#### SUPPLIED MATERIAL:
============
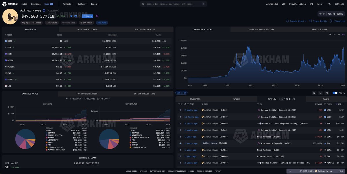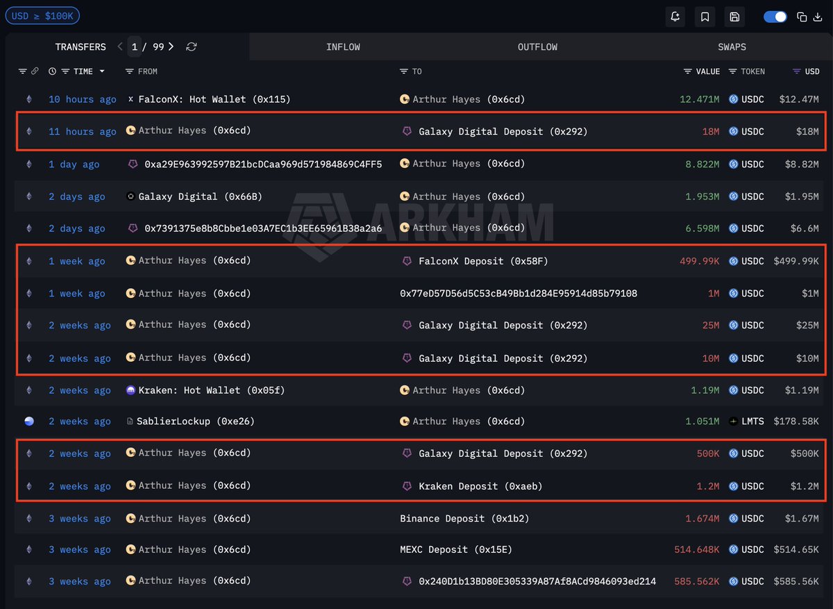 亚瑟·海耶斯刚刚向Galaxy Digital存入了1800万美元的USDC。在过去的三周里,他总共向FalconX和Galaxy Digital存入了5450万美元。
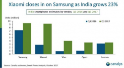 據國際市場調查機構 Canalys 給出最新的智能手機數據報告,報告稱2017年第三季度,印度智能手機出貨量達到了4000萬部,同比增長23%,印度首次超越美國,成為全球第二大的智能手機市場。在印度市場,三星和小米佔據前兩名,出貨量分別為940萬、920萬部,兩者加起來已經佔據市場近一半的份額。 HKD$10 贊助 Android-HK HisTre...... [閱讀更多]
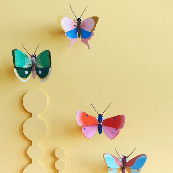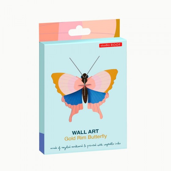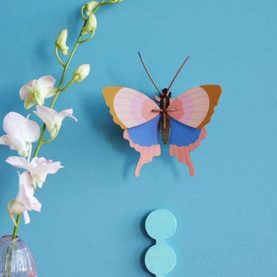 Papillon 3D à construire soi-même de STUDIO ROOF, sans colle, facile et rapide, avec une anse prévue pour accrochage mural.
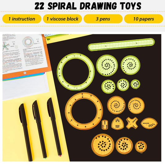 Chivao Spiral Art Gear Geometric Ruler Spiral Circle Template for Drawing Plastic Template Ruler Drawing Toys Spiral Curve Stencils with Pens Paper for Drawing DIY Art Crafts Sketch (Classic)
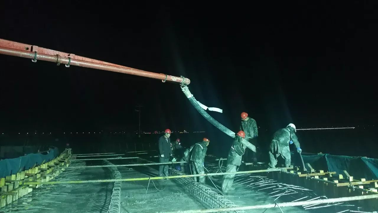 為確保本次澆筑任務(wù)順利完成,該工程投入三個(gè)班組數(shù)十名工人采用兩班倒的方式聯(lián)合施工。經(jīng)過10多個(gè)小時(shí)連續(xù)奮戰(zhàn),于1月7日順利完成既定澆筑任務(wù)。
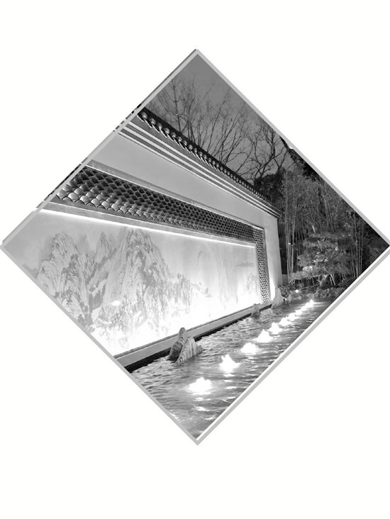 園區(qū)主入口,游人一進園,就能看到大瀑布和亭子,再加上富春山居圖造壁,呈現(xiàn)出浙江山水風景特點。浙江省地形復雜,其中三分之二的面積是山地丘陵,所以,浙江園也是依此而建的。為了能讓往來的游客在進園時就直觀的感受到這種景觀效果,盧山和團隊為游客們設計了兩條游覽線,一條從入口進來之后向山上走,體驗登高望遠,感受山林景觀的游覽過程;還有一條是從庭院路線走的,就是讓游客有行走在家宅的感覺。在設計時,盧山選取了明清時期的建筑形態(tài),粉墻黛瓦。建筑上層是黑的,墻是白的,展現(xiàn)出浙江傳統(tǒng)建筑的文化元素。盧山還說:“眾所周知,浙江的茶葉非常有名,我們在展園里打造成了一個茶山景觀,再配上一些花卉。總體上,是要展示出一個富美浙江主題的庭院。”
============
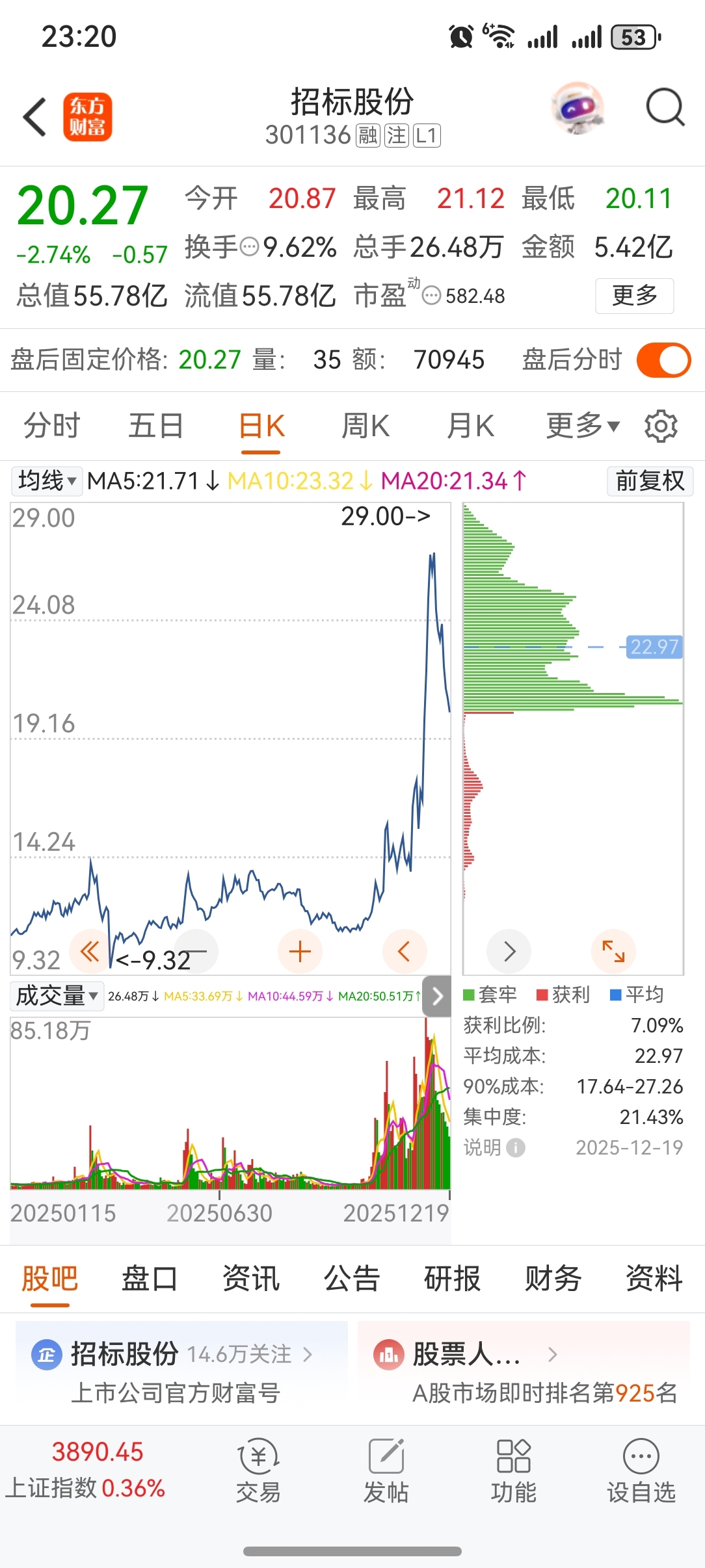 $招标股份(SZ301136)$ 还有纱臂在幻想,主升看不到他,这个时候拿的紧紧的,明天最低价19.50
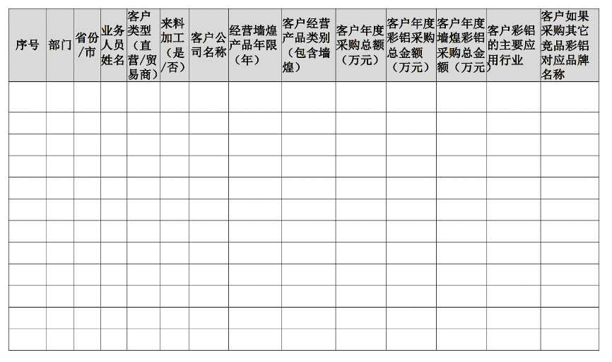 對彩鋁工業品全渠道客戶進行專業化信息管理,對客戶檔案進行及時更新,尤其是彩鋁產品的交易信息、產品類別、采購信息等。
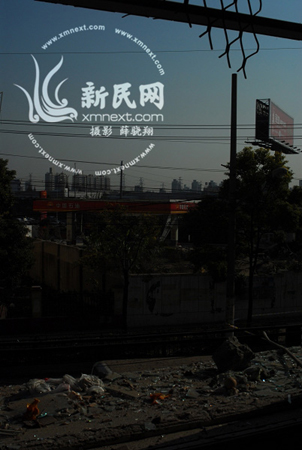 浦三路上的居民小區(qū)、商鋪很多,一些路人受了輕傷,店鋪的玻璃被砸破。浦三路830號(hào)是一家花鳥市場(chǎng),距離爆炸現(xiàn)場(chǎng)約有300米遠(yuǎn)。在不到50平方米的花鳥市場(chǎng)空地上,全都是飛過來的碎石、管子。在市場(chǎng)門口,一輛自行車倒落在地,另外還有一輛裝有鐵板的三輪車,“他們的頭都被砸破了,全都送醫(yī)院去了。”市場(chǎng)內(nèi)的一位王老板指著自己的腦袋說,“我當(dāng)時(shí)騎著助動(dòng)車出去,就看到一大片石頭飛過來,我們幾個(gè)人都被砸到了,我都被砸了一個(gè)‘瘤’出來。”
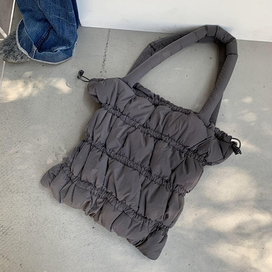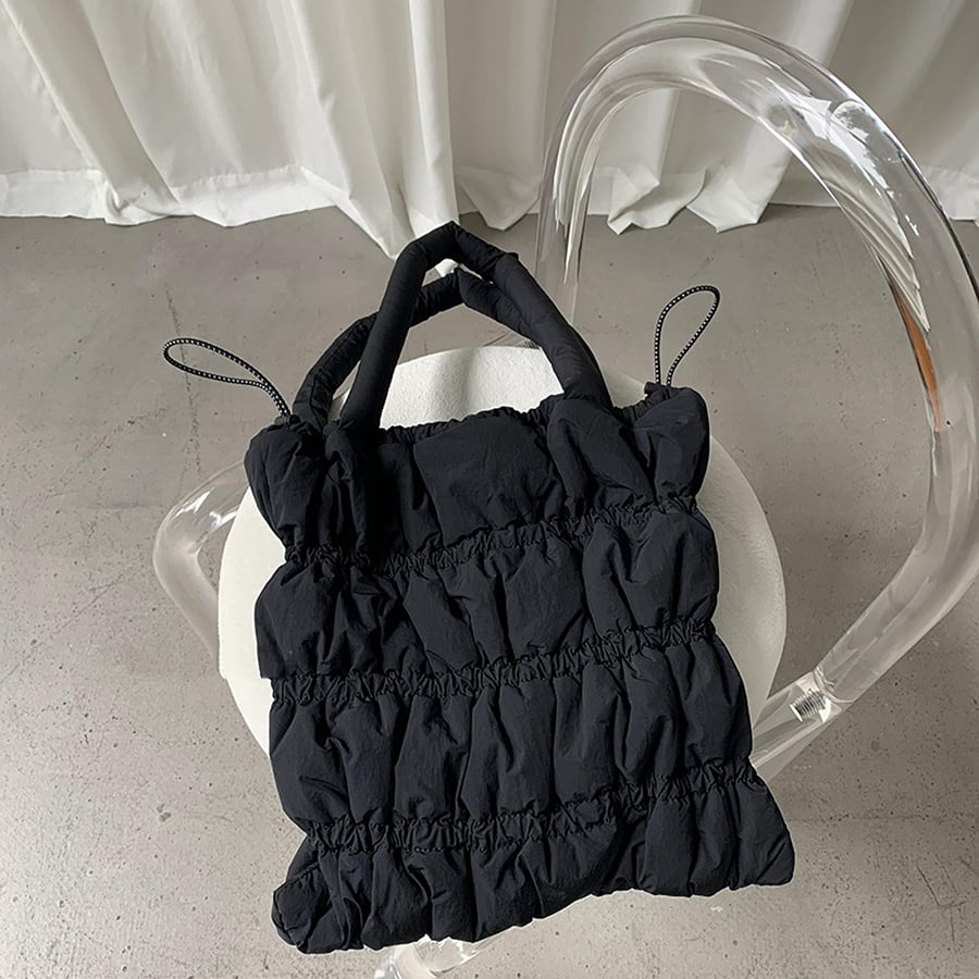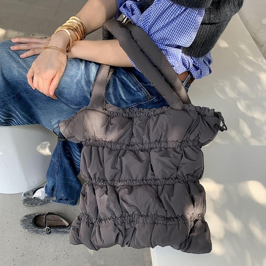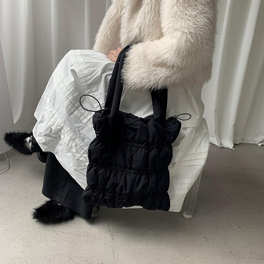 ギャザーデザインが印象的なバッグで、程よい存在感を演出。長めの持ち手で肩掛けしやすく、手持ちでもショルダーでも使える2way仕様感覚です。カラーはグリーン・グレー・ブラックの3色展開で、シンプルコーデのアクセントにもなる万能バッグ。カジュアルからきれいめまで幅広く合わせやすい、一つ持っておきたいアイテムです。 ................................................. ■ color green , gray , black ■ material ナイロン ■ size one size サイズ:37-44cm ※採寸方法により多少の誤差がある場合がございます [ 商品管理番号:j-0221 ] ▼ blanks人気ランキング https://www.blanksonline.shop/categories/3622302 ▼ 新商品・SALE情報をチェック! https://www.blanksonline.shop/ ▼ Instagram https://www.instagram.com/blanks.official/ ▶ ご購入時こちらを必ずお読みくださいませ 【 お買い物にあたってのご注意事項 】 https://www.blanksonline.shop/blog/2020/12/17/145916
============
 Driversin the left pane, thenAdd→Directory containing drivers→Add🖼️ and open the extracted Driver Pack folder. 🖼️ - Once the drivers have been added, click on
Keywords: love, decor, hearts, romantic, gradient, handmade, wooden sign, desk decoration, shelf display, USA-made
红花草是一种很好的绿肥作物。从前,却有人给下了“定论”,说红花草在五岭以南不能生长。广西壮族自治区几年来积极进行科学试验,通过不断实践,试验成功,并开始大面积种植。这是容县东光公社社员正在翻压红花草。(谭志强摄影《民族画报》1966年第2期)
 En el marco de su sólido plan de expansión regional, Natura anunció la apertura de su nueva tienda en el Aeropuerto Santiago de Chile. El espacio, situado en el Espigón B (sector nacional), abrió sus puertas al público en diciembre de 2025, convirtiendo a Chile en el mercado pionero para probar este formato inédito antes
============
#### TASK REQUIREMENTS:
All lines above from the one containing "Chivao Spiral Art" up to and including the one containing "園區(qū)主入口,游人一進" are to be set down exactly, and nothing else. Leave images out.

#### FINISHED EXERCISE:
 Chivao Spiral Art Gear Geometric Ruler Spiral Circle Template for Drawing Plastic Template Ruler Drawing Toys Spiral Curve Stencils with Pens Paper for Drawing DIY Art Crafts Sketch (Classic)
 為確保本次澆筑任務(wù)順利完成,該工程投入三個(gè)班組數(shù)十名工人采用兩班倒的方式聯(lián)合施工。經(jīng)過10多個(gè)小時(shí)連續(xù)奮戰(zhàn),于1月7日順利完成既定澆筑任務(wù)。
 園區(qū)主入口,游人一進園,就能看到大瀑布和亭子,再加上富春山居圖造壁,呈現(xiàn)出浙江山水風景特點。浙江省地形復雜,其中三分之二的面積是山地丘陵,所以,浙江園也是依此而建的。為了能讓往來的游客在進園時就直觀的感受到這種景觀效果,盧山和團隊為游客們設計了兩條游覽線,一條從入口進來之后向山上走,體驗登高望遠,感受山林景觀的游覽過程;還有一條是從庭院路線走的,就是讓游客有行走在家宅的感覺。在設計時,盧山選取了明清時期的建筑形態(tài),粉墻黛瓦。建筑上層是黑的,墻是白的,展現(xiàn)出浙江傳統(tǒng)建筑的文化元素。盧山還說:“眾所周知,浙江的茶葉非常有名,我們在展園里打造成了一個茶山景觀,再配上一些花卉。總體上,是要展示出一個富美浙江主題的庭院。”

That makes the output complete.